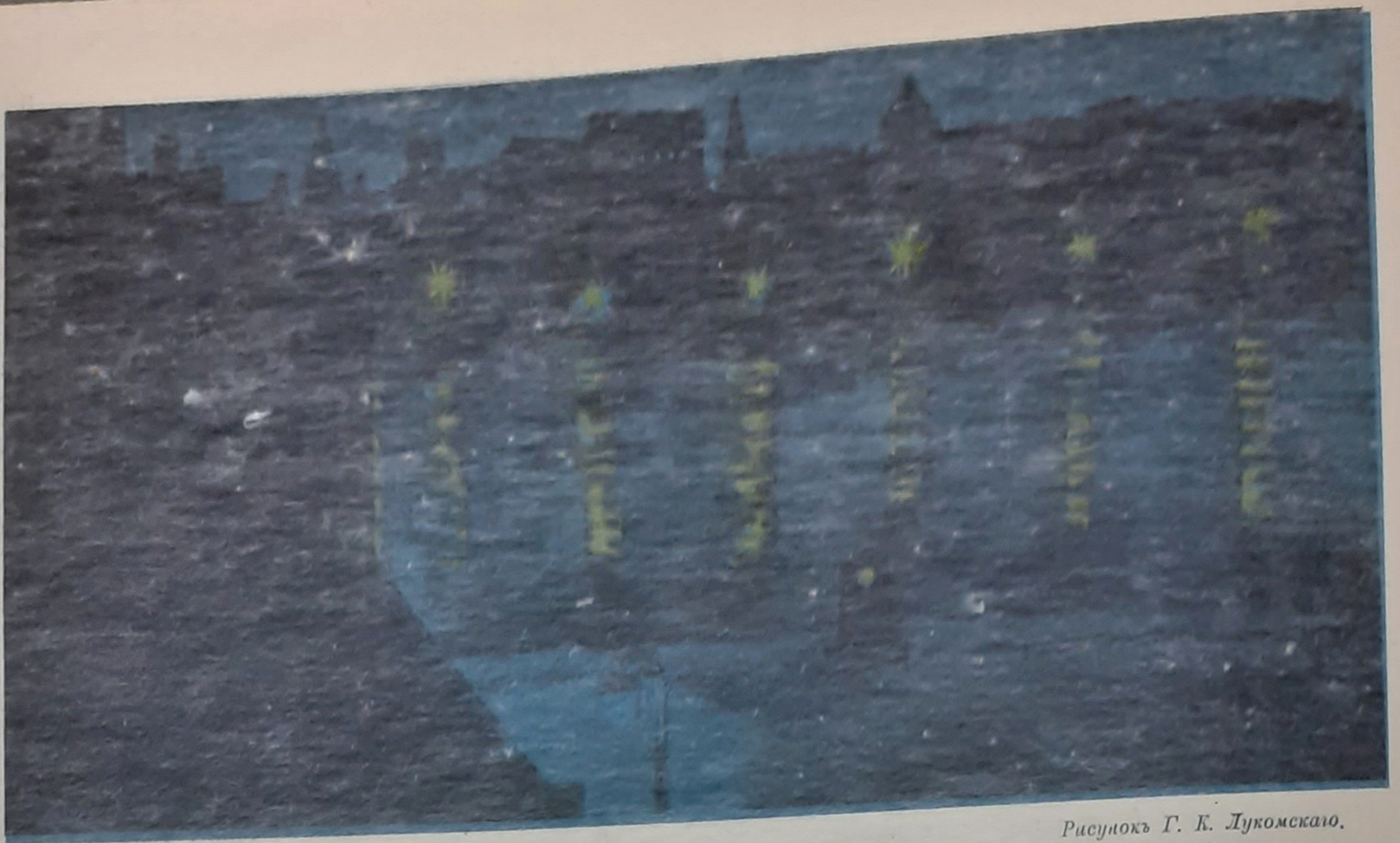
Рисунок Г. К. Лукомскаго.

--

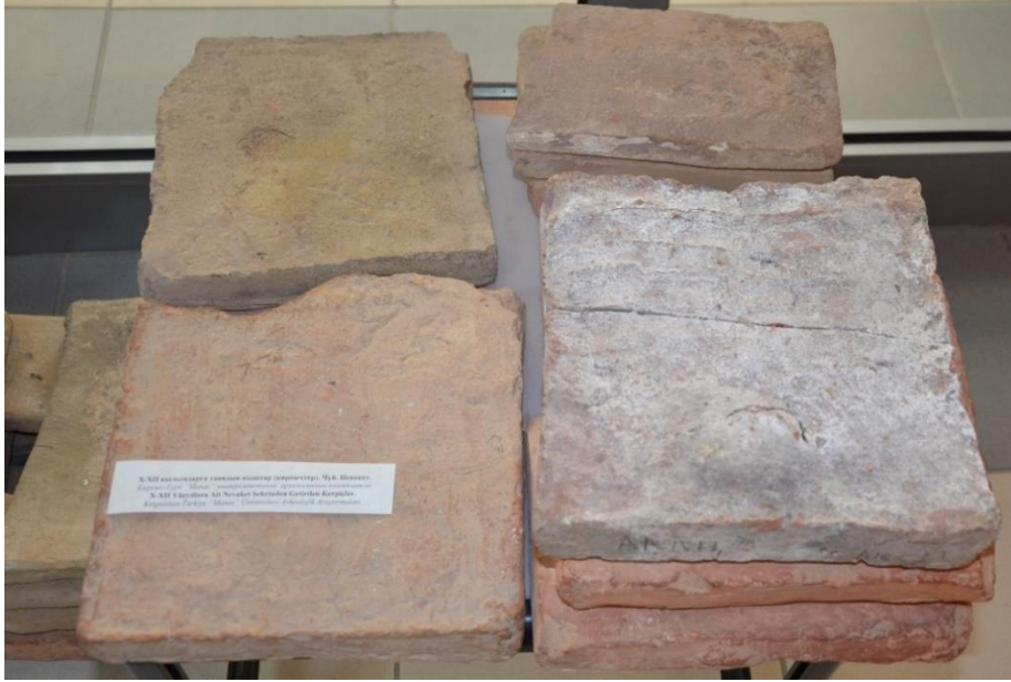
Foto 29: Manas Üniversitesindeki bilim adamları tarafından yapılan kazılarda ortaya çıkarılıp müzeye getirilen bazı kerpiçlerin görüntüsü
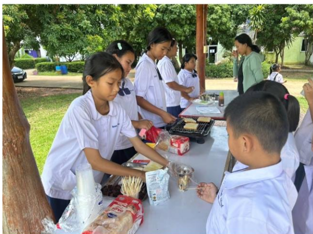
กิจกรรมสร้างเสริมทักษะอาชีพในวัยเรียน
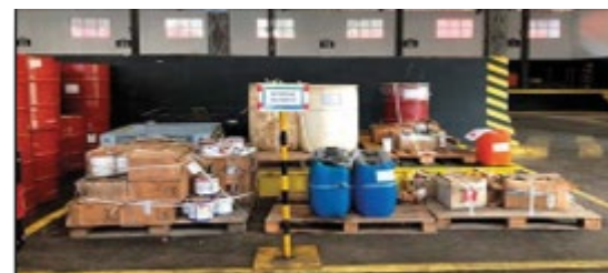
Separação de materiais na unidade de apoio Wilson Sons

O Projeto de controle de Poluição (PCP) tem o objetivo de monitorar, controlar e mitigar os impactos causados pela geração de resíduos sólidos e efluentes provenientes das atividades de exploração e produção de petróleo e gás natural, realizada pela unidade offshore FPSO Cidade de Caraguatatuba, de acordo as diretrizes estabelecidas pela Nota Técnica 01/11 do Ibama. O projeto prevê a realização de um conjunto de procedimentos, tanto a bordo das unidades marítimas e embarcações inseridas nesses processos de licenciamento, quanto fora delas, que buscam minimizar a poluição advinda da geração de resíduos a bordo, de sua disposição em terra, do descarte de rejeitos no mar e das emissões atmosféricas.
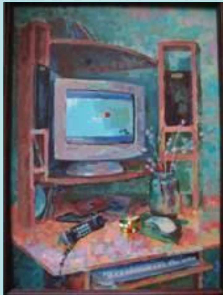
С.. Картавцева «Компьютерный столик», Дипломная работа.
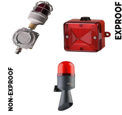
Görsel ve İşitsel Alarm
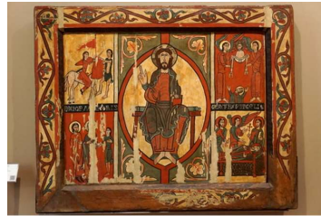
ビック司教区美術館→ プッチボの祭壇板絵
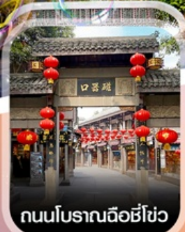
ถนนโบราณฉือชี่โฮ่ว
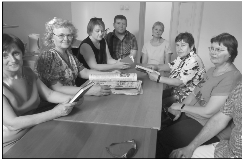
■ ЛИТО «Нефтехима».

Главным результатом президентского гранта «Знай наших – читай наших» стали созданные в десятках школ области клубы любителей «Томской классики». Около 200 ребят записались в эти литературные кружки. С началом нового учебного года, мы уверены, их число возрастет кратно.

- _GOAL OF THE EXERCISE_
In the listing above, find the line containing "Görsel ve İşitsel Alarm" and the line containing "Главным результатом президентского"; print those lines and every line between them exactly, leaving out pictures.

- _RESULT_
Görsel ve İşitsel Alarm
ビック司教区美術館→ プッチボの祭壇板絵
ถนนโบราณฉือชี่โฮ่ว
■ ЛИТО «Нефтехима».

Главным результатом президентского гранта «Знай наших – читай наших» стали созданные в десятках школ области клубы любителей «Томской классики». Около 200 ребят записались в эти литературные кружки. С началом нового учебного года, мы уверены, их число возрастет кратно.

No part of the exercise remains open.